34 Survival analysis

In health sciences we often have data which represent the time until some event occurs. In a clinical trial setting, the primary outcome may be the time from onset of therapy until a well-defined critical event such as death, cancer recurrence, or first occurrence of a particular adverse event. One of the challenges specific to survival data is that the survival times will be unknown for some patients (censored data) for a variety of reasons:

lost to follow-up during the study period
withdrawn from the study because of some reason
the event did not occur by the end of the study

Such data could be referred to as right censored because, on a timeline, the true lifetimes of the patients are to the right of their observed censor times.

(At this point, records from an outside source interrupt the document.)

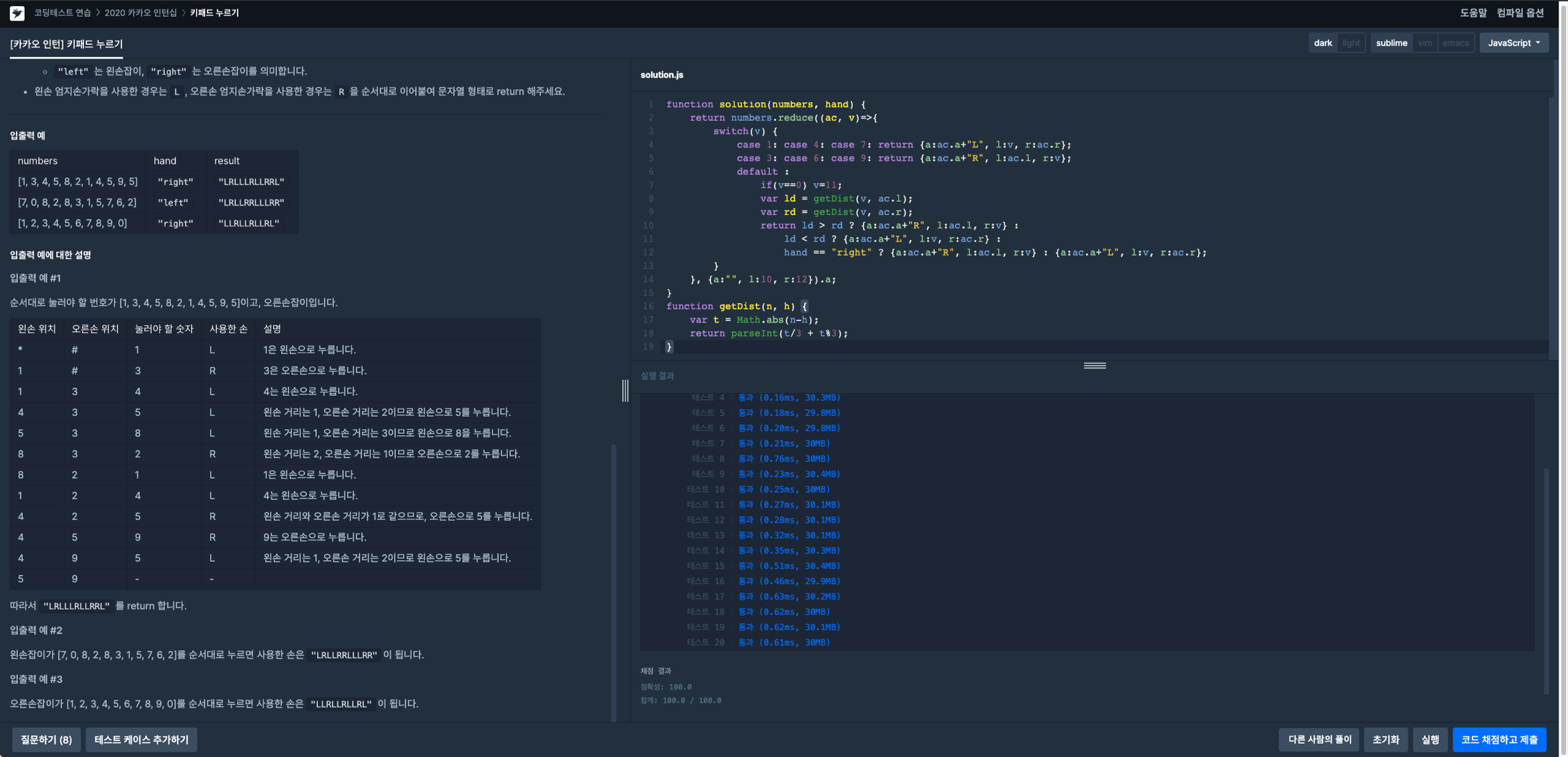 Programmers(프로그래머스)의 코딩테스트 연습문제 Level 1 중 2020 카카오 인턴십 문제인 키패드 누르기 문제를 JavaScript를 사용하여 문제를 풀어보도록 하겠습니다.
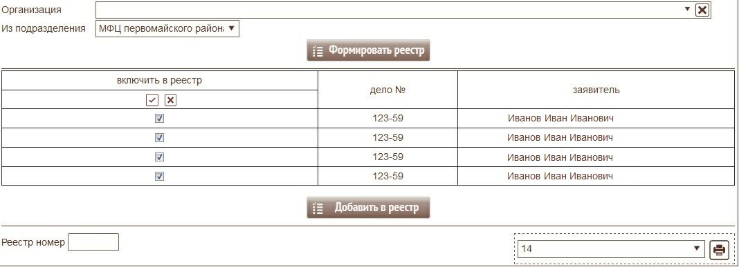 Если были выбраны дела для отправки в курьерскую службу, то при формировании реестров для курьера эти дела попадут в список планируемых дел для отправки.
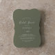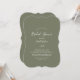 Detta minimala mörk grönt inbjudningskort för möhippan i löv är perfekt för en boho-möhippa. Utformningen har en enkel grey löv silhuette på oliv grönt med minimalistisk bergsbohemi stil.
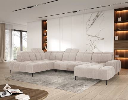 Coltar extensibil SIERRA cu lada pentru depozitare, tetiere reglabile 297x252-267cm

Statistical techniques for survival data have been developed that are be able to account for censored observations. In survival analysis, it is generally assumed that censoring is non-informative of survival (being censored or not is not related to the probability of the event occurring).

Survival analysis is a class of statistical methods. One approach to estimate the the survival over time is the Kaplan-Meier procedure which is a non-parametric method (i.e. it does not make any assumptions about the underlying distribution of the data).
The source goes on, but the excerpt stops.